The bureaucratic state can guarantee fairer outcomes than litigation
When writing my post about the causes of high American construction costs, I read different takes on the American tradition of adversarial legalism. A paper by Shep Melnick, which I linked in my post, asserts that adversarial legalism is good for various oppressed minorities, focusing on lawsuits forcing better accessibility for people with disabilities, looking at special education as an example.
And yet, if we look at the usual liberal standard of fair outcomes rather than fair processes, the outcomes in the United States do not seem especially fair. Workplace discrimination levels against nonwhites range widely between countries as well as between different studies in the same country, but the US seems to be roughly within the European median; there is a large set of references in the OECD’s International Migration Outlook of 2013, PDF-pp. 11-12, as well as a smaller list in the OECD’s The Price of Prejudice, p. 16. The latter source also compares international gender gaps, and the US seems fairly average as well. Only in the employment gap between second-generation immigrants and children of natives does the US do especially well, and that’s in the context of an unusually high-skill mix of immigrants, like similar high performers Canada and Switzerland, neither of which has an especially low discrimination level in equal resume studies.

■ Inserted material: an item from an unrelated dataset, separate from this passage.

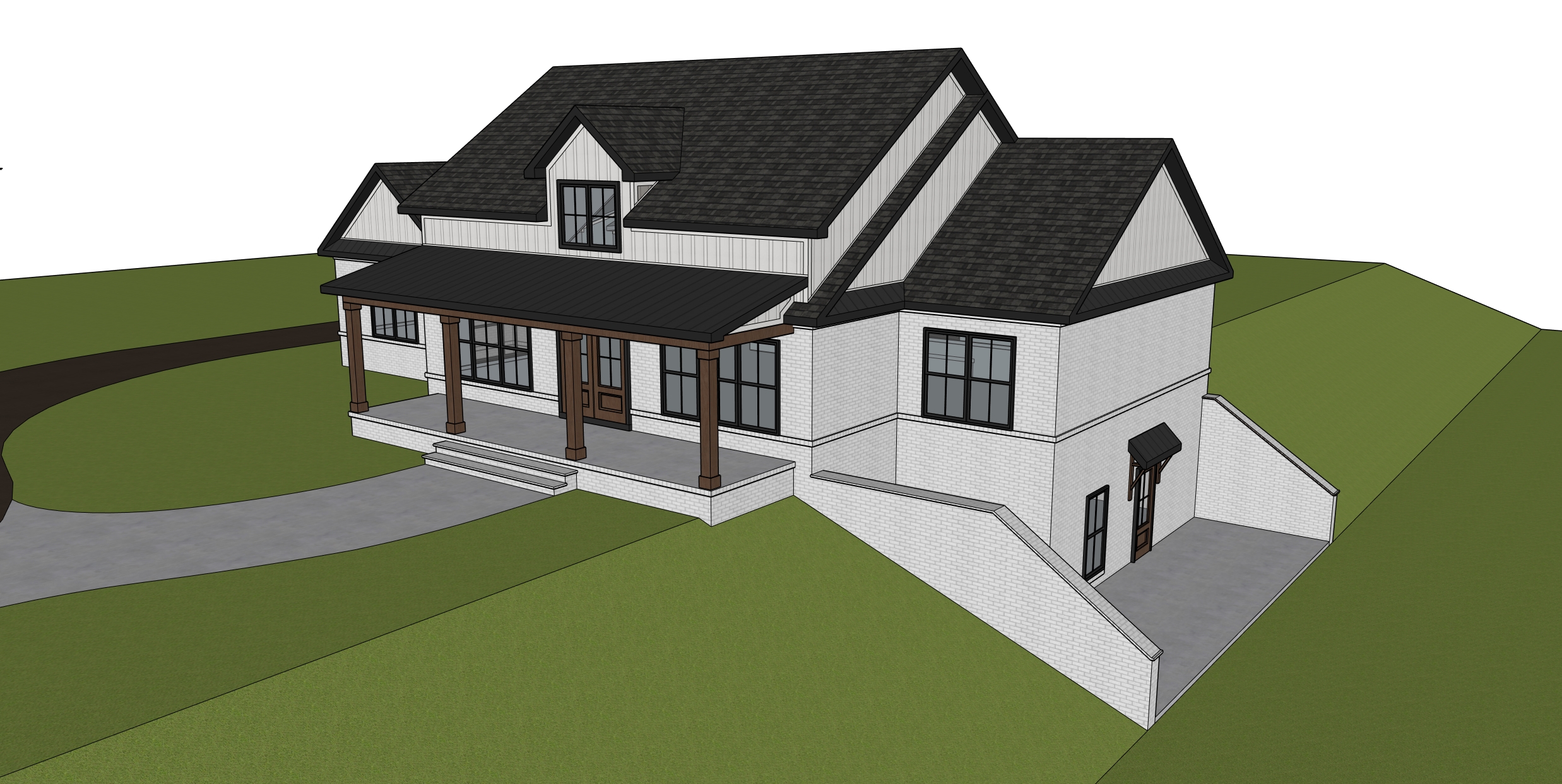 add landscaping add trees in large open land maintain materials and colors make realistic shingle roof on all roofs except metal roof on shed porch roof make brick and siding grey and add wood shutters on windows
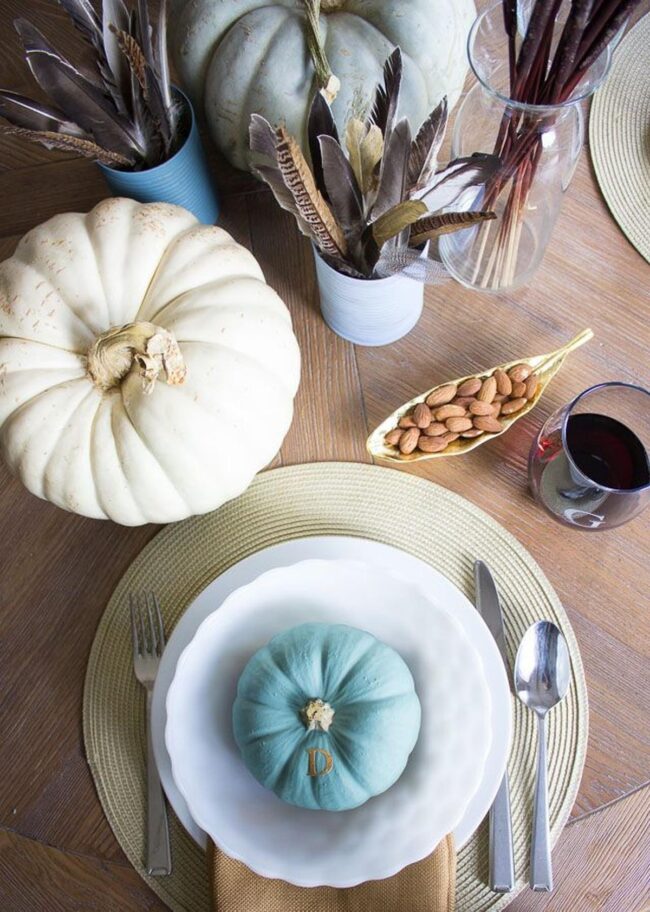 Fall dining becomes magical when soft greens, whites, and light golds cascade across your table, with pastel pumpkins adding unexpected natural beauty.

When it comes to Melnick’s question of disability rights, the US is increasingly falling behind thanks to high construction costs. Berlin is about to complete installing elevators at all U-Bahn stations, aided by a process that allows it to make a station accessible for €2 million. Madrid, where this cost is about €5 million per line served by each station, has a large majority of accessible stations already and is looking at full installation next decade. Compare this with the tardiness of New York, where layers of consent decrees and grandfather clauses have created a subway system that is about as old as Berlin’s and only 25% accessible.
Incuriosity affects all American groups
I literally just saw a comment on Reddit that tried to slot the idea that the US should learn from the rest of the world into political liberalism or Democratic partisanship (“blue tribe”). This is not an idiosyncratic connection. In 2006, at Yearly Kos, a performer used the expression “French-loving” as a self-description for American liberals, and the entire audience said “preach on” in agreement; this and similar epithets hurled by conservatives in the same era may have been a unique artifact of France’s opposition to the Iraq War, but years later Republicans would keep complaining that Democrats want the US to imitate European welfare states.
The reality is very different. American indifference to rest-of-world practice is national. So is English Canadian indifference to rest-of-world practice excluding the US and occasionally Britain. If anything, New York is even more solipsistic than the rest of the US. I’ve recurrently seen New Yorkers use the same dismissive language that Americans use for the world outside their country for anything outside the city. In contrast, Bostonians do try to look at how things work in the rest of the US and the same is true of people in Sunbelt cities that build light rail.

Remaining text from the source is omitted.